[TASK]
The answer must be an exact transcription of the lines below from the first through the one containing "Bushmills 10 Year Old", with the pictures left out; please add nothing else.

[EXTRACTED DATA]
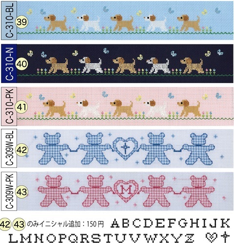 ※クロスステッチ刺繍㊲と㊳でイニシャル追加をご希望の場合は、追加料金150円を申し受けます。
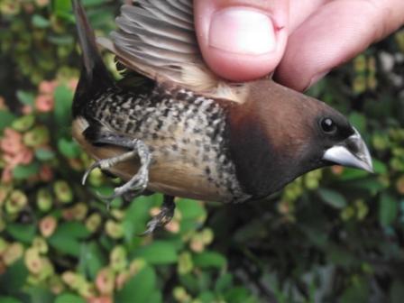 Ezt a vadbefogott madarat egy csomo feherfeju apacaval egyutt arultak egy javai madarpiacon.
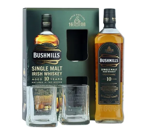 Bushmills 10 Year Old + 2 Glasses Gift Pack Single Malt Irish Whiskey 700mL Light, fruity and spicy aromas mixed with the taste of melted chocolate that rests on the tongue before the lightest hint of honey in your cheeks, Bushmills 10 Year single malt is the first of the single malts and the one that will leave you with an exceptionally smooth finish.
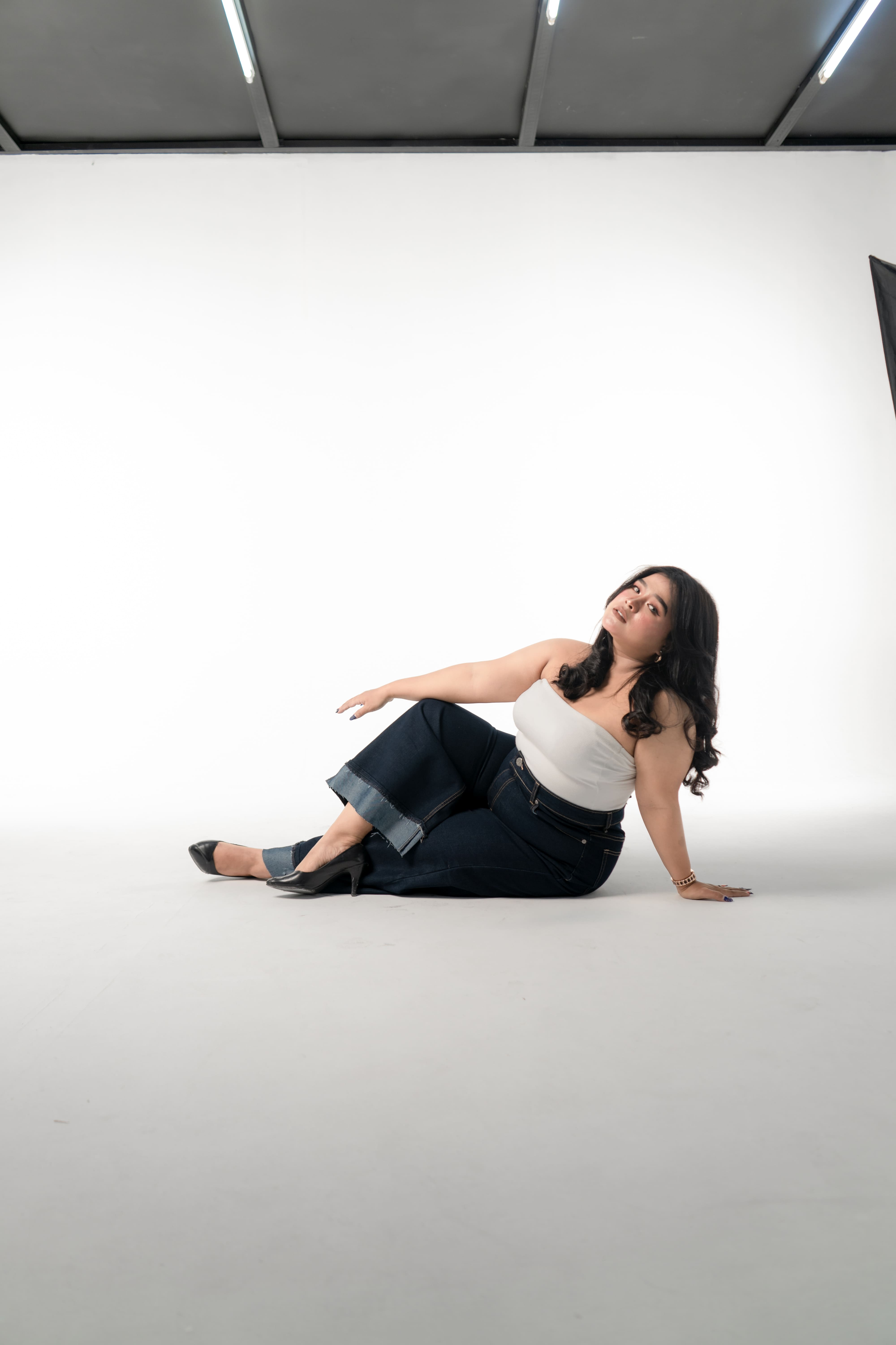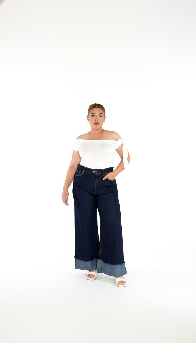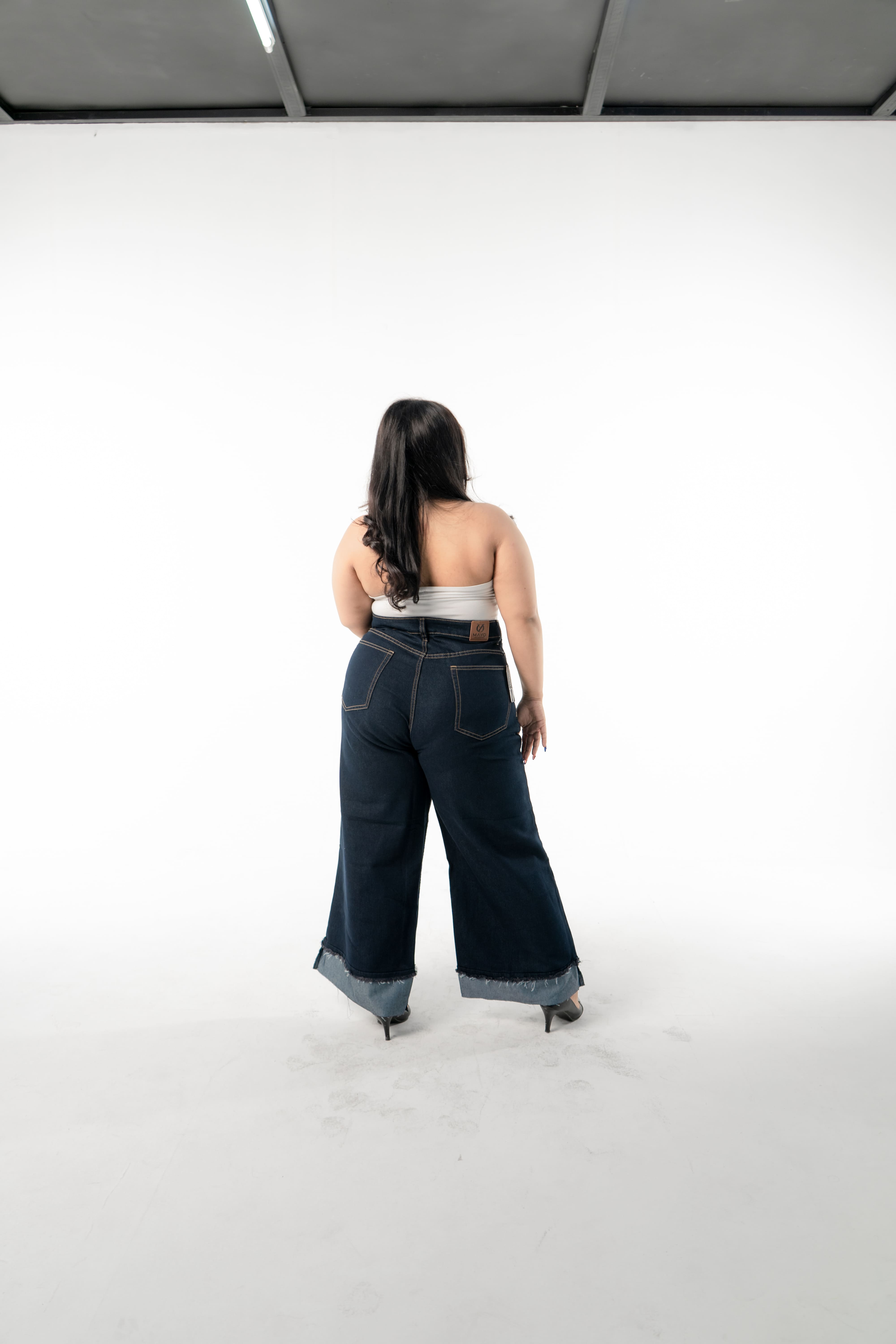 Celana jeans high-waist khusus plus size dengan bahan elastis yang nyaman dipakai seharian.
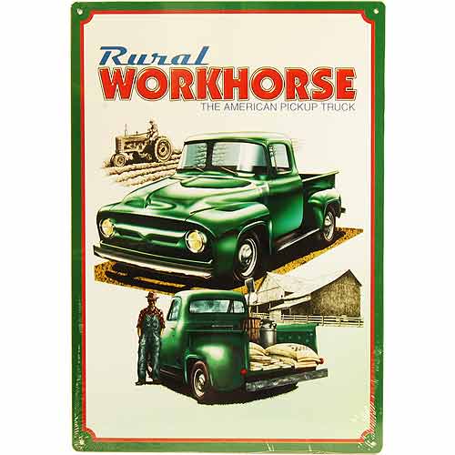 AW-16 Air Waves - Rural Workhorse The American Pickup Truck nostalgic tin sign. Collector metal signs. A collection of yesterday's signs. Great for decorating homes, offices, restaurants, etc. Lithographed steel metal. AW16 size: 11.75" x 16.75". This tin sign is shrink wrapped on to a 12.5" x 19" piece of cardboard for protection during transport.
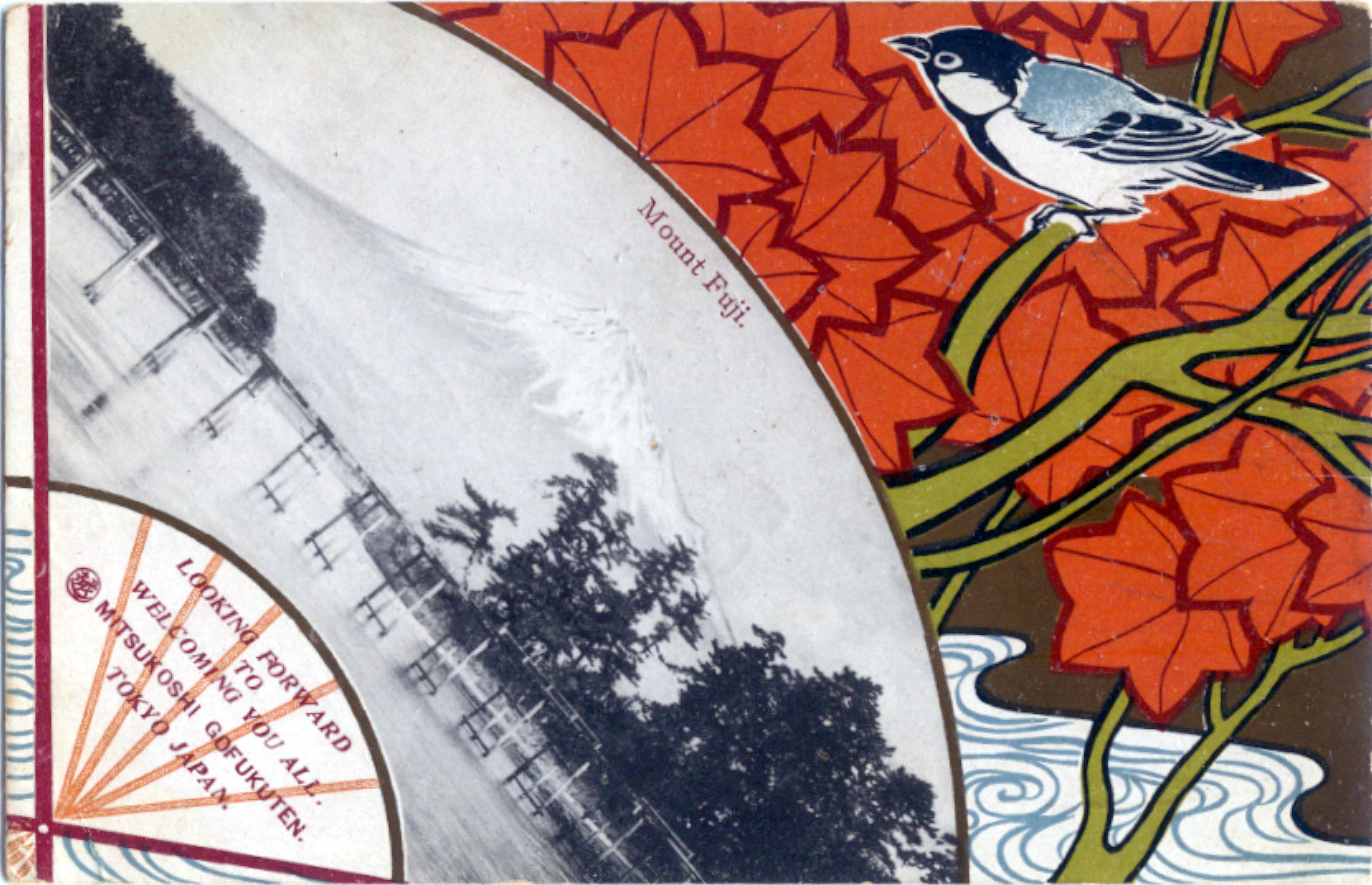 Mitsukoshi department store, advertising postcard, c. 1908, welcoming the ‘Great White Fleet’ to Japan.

[RESPONSE TO THE TASK]
 ※クロスステッチ刺繍㊲と㊳でイニシャル追加をご希望の場合は、追加料金150円を申し受けます。
 Ezt a vadbefogott madarat egy csomo feherfeju apacaval egyutt arultak egy javai madarpiacon.
 Bushmills 10 Year Old + 2 Glasses Gift Pack Single Malt Irish Whiskey 700mL Light, fruity and spicy aromas mixed with the taste of melted chocolate that rests on the tongue before the lightest hint of honey in your cheeks, Bushmills 10 Year single malt is the first of the single malts and the one that will leave you with an exceptionally smooth finish.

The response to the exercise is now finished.